- **DATA EXCERPT**:
<<<<

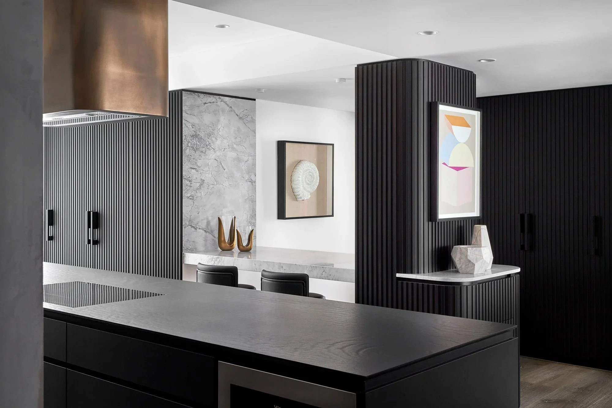 The clients were downsizing from a rural property and wanted a feeling of timeless elegance while maximising the sense of space. We introduced curved and battened cabinetry that flowed effortlessly from one area to another, concealing storage while maintaining visual simplicity. Lighting, furniture, and artwork were all specified to complement the architecture, not compete with it. This is the essence of high end interior design in Melbourne, where every detail serving a purpose, every gesture intentional.
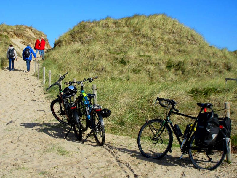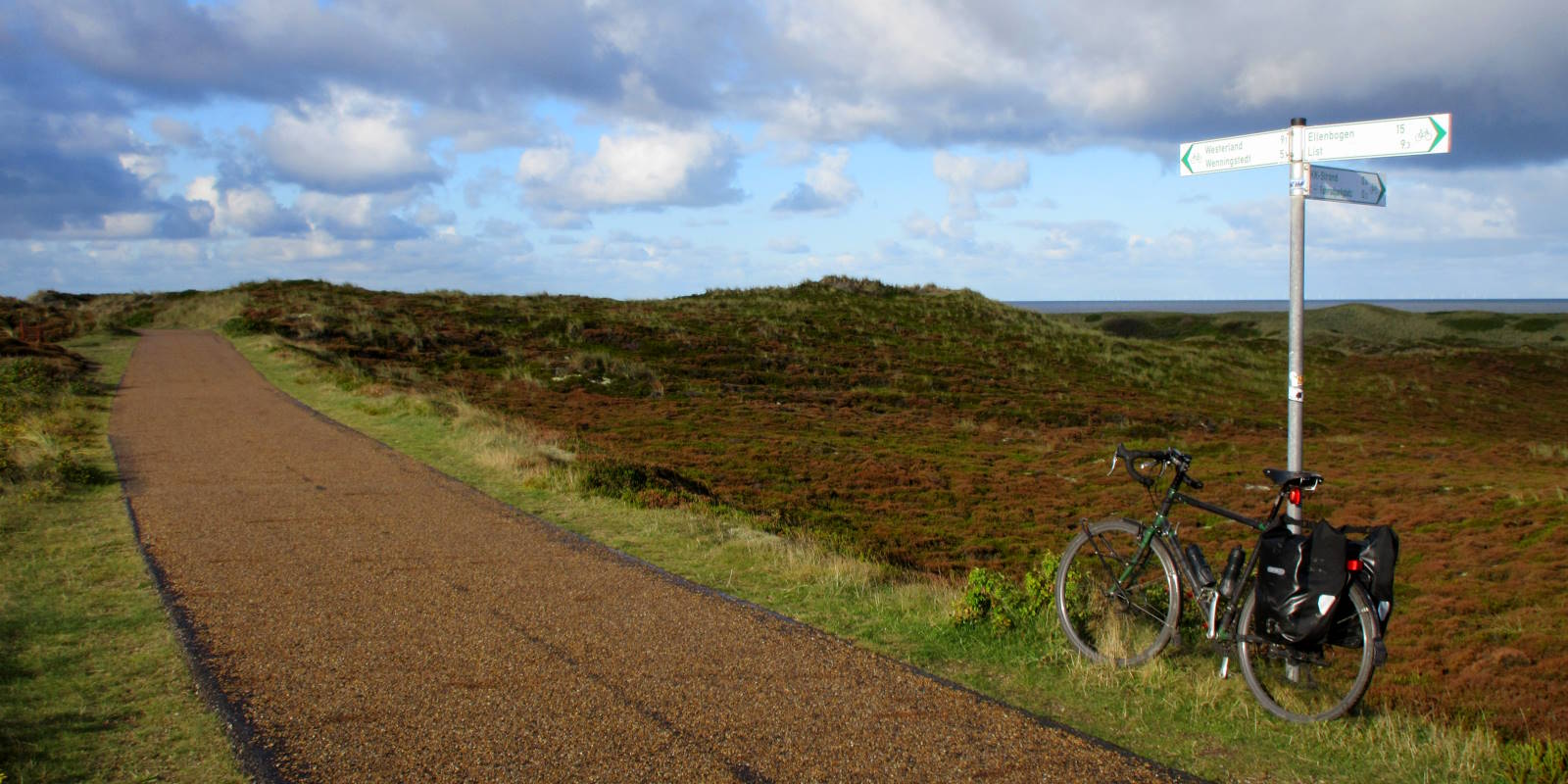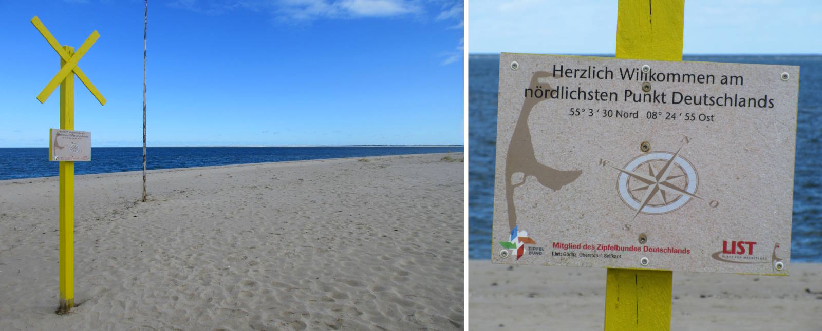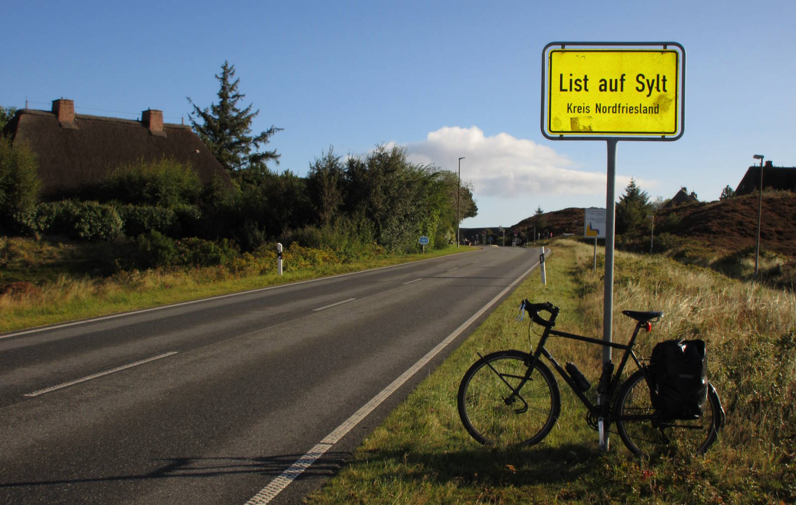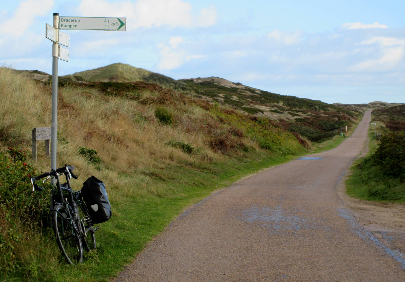 At Ellenbogen I could swish past the toll booth where cars have to stop and pay, and rode a kilometre or two up towards to the Northernmost Point. You can only get your bike so far before you have to leave it at a parking spot; it’s another kilometre or so on foot from here through some dunes and along the beach to the sign for the point itself.
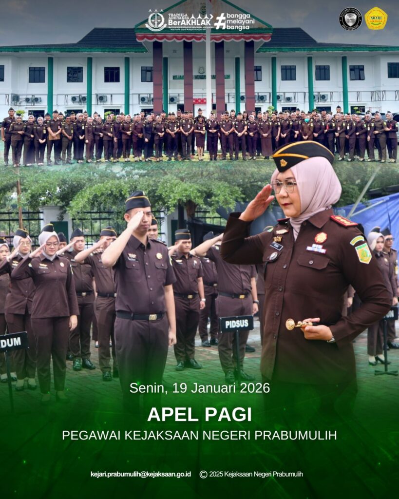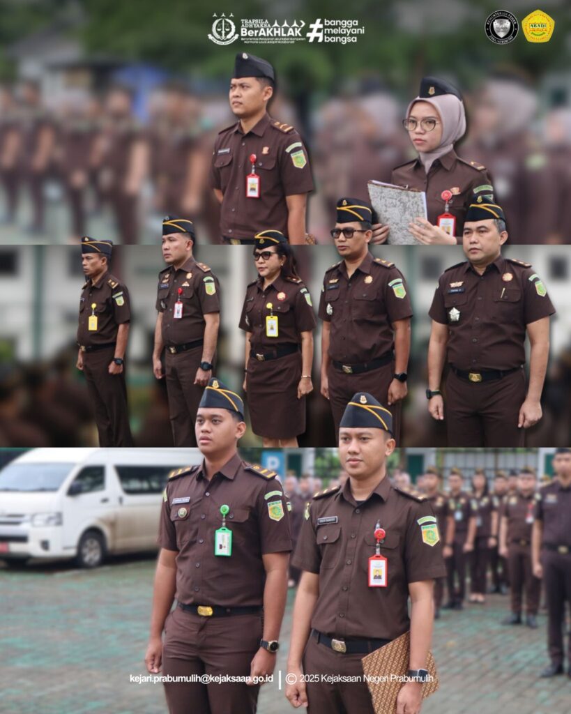 Kepala Kejaksaan Negeri Prabumulih, Ibu Asvera Primadona, S.H., M.H., memimpin Apel Rutin Senin Pagi sekaligus Apel Perdana sejak resmi menjabat sebagai Kepala Kejaksaan Negeri Prabumulih. Kegiatan apel dilaksanakan di halaman Kantor Kejaksaan Negeri Prabumulih dan diikuti oleh para Kepala Seksi serta seluruh pegawai di lingkungan Kejaksaan Negeri Prabumulih.

>>>>

- **AIM OF THE TASK**:
Retype the listing exactly. Pictures do not belong in the copy.

- **SOLUTION FOR THIS EXERCISE**:
 The clients were downsizing from a rural property and wanted a feeling of timeless elegance while maximising the sense of space. We introduced curved and battened cabinetry that flowed effortlessly from one area to another, concealing storage while maintaining visual simplicity. Lighting, furniture, and artwork were all specified to complement the architecture, not compete with it. This is the essence of high end interior design in Melbourne, where every detail serving a purpose, every gesture intentional.
 At Ellenbogen I could swish past the toll booth where cars have to stop and pay, and rode a kilometre or two up towards to the Northernmost Point. You can only get your bike so far before you have to leave it at a parking spot; it’s another kilometre or so on foot from here through some dunes and along the beach to the sign for the point itself.
 Kepala Kejaksaan Negeri Prabumulih, Ibu Asvera Primadona, S.H., M.H., memimpin Apel Rutin Senin Pagi sekaligus Apel Perdana sejak resmi menjabat sebagai Kepala Kejaksaan Negeri Prabumulih. Kegiatan apel dilaksanakan di halaman Kantor Kejaksaan Negeri Prabumulih dan diikuti oleh para Kepala Seksi serta seluruh pegawai di lingkungan Kejaksaan Negeri Prabumulih.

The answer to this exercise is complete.